* Problem to work on:
Exact copy, no pictures: set down every entry below as written.

Dataset: Begin

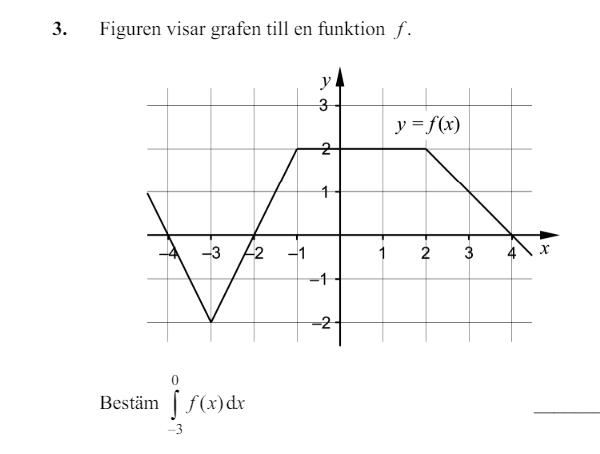 Om frågan hade gällt att beräkna arean mellan funktionsgrafen och x-axeln så skulle svaret ha blivit 4.
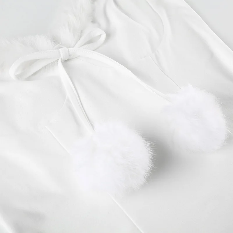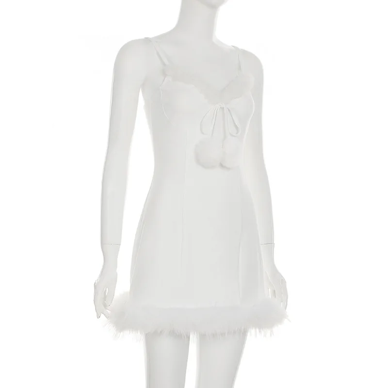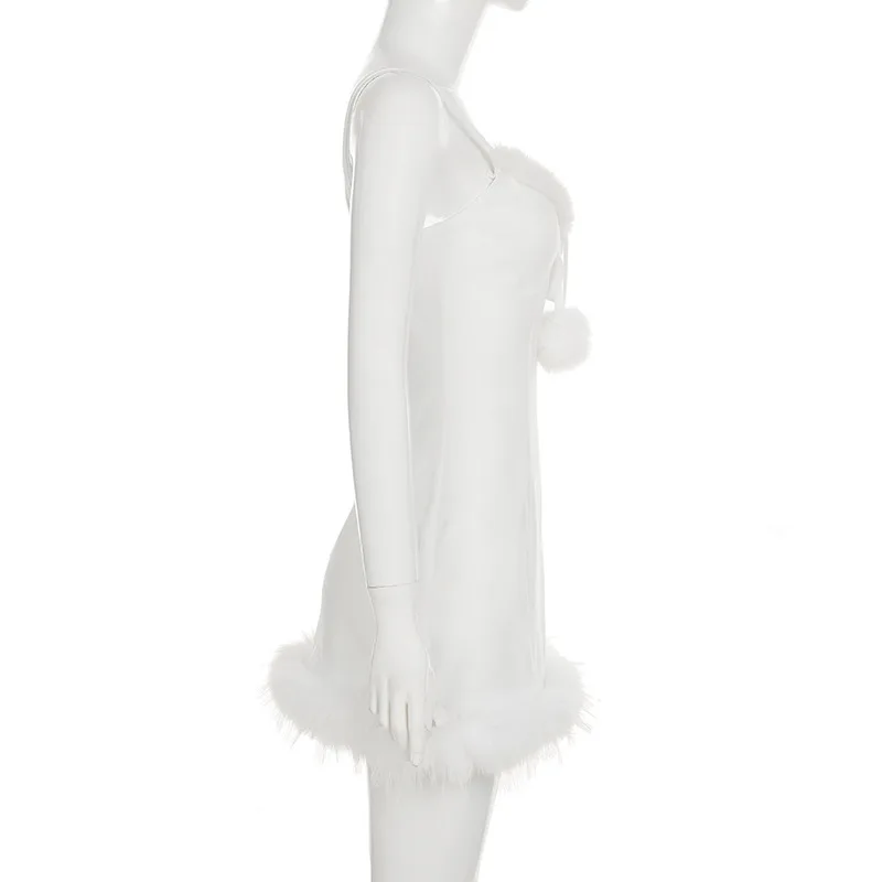 DAIIIBABYYY  -   Fur Christmas White Dress Lady Party Mini Evening Elegant Dresses 2024 Women Winter Clothes Luxury Sexy Bodycon Furry Dresses
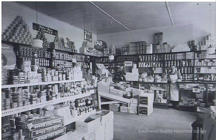 BW photo - interior of J. Budinich Grocery, which was located in Riverside, Mr. Budinich behind counter
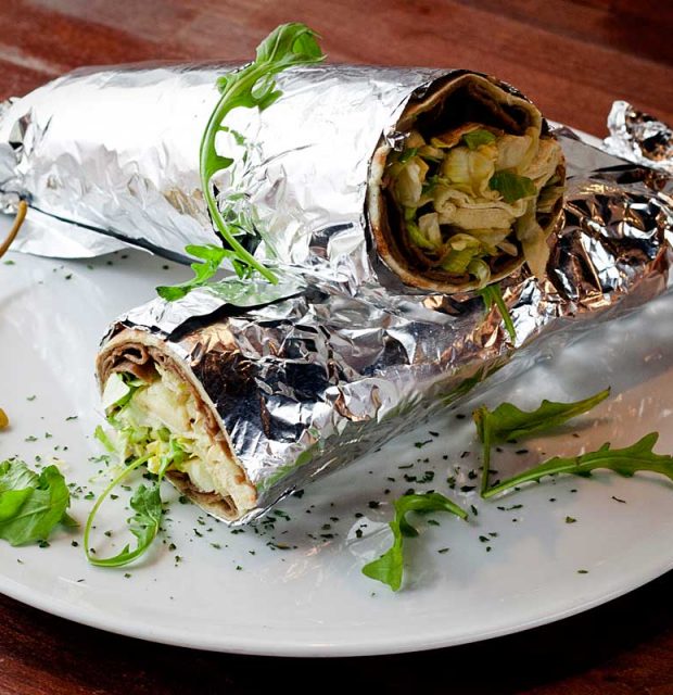 Kaikkiin rulliin kuuluu salaatti ja vaihtoehtoisesti joko tulinen tai mieto kebabkastike tai valkosipulikastike.
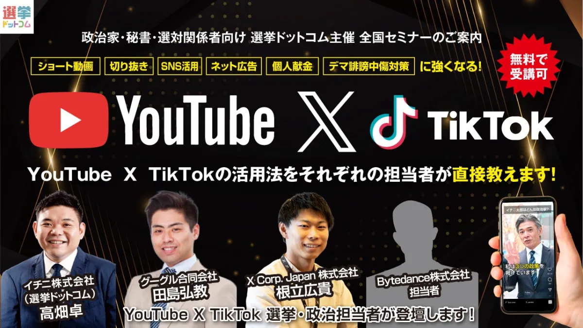 セミナーでは、X(旧Twitter)、YouTube、TikTokの専門家が登壇し、各プラットフォームでの効果的な活用方法を直接指導します。特に、2026年の選挙に向けたSNS対策や投稿戦略が重要視される中、切り抜きや拡散されやすい投稿のテクニック、ショート動画やネット広告の具体的な成功事例をシェアします。
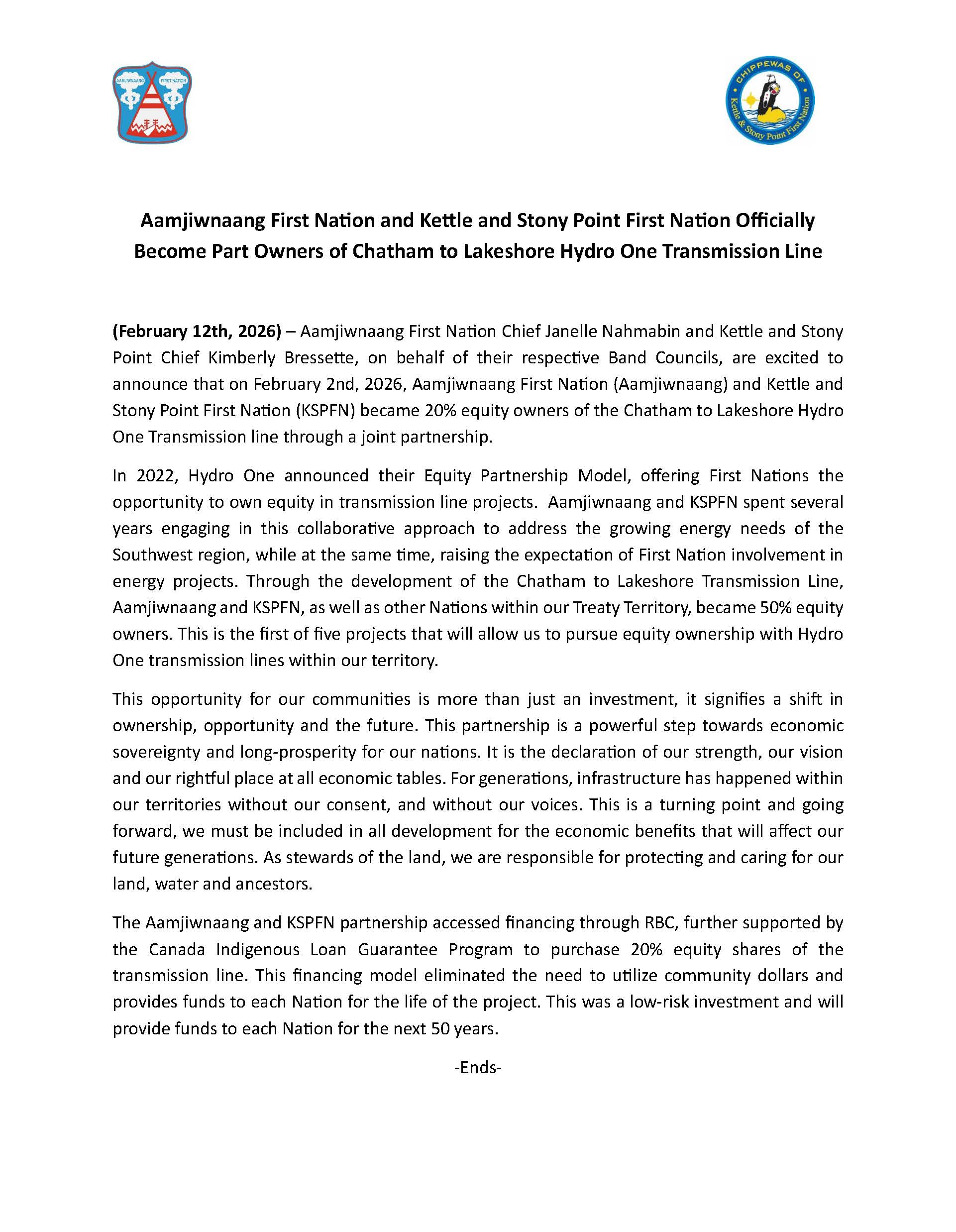 Aamjiwnaang First Nation and Kettle and Stony Point First Nation Hydro One Joint Partnership
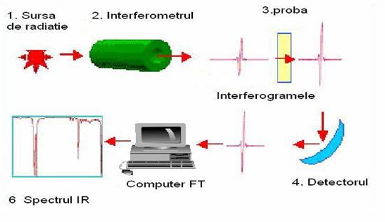 Interferometrul utilizeaza un separator de radiatie (beam spliter) care desface radiatia incidenta in doua. Una din ele este refelctata de o oglinda plana fixa iar cealalta este refelctata deasemenea de o oglinda plana care insa se misca pe o distanta de cativa mm fata de cealalta. Cele doua radiatii reflectate de oglinzile respective se recombina rezultand o interferograma. Aceasta are codate toate frecventele radiatiei incidente. Interferograma poate fi reflectata sau absorbita de proba cand frecventele caracteristice, continute codat in interferograma, sunt absorbite de vibratiile caracteristice grupului functional al moleculei din proba. Rezulta astfel un semnal in IR caracteristic, unic pentru proba respectiva. Acest semnal este masurat de detector, dar el nu poate fi prelucrat direct ci este necesara decodarea lui prin aplicarea tehnicii matematice cunoscuta ca Transformarea Fourier (FT). Aceasta decodare necesitand calcule laborioase se realizeaza cu ajutorul computerului rezultand in final un specru normal.

Dataset: End

* Solution to this problem:
 Om frågan hade gällt att beräkna arean mellan funktionsgrafen och x-axeln så skulle svaret ha blivit 4.
 DAIIIBABYYY  -   Fur Christmas White Dress Lady Party Mini Evening Elegant Dresses 2024 Women Winter Clothes Luxury Sexy Bodycon Furry Dresses
 BW photo - interior of J. Budinich Grocery, which was located in Riverside, Mr. Budinich behind counter
 Kaikkiin rulliin kuuluu salaatti ja vaihtoehtoisesti joko tulinen tai mieto kebabkastike tai valkosipulikastike.
 セミナーでは、X(旧Twitter)、YouTube、TikTokの専門家が登壇し、各プラットフォームでの効果的な活用方法を直接指導します。特に、2026年の選挙に向けたSNS対策や投稿戦略が重要視される中、切り抜きや拡散されやすい投稿のテクニック、ショート動画やネット広告の具体的な成功事例をシェアします。
 Aamjiwnaang First Nation and Kettle and Stony Point First Nation Hydro One Joint Partnership
 Interferometrul utilizeaza un separator de radiatie (beam spliter) care desface radiatia incidenta in doua. Una din ele este refelctata de o oglinda plana fixa iar cealalta este refelctata deasemenea de o oglinda plana care insa se misca pe o distanta de cativa mm fata de cealalta. Cele doua radiatii reflectate de oglinzile respective se recombina rezultand o interferograma. Aceasta are codate toate frecventele radiatiei incidente. Interferograma poate fi reflectata sau absorbita de proba cand frecventele caracteristice, continute codat in interferograma, sunt absorbite de vibratiile caracteristice grupului functional al moleculei din proba. Rezulta astfel un semnal in IR caracteristic, unic pentru proba respectiva. Acest semnal este masurat de detector, dar el nu poate fi prelucrat direct ci este necesara decodarea lui prin aplicarea tehnicii matematice cunoscuta ca Transformarea Fourier (FT). Aceasta decodare necesitand calcule laborioase se realizeaza cu ajutorul computerului rezultand in final un specru normal.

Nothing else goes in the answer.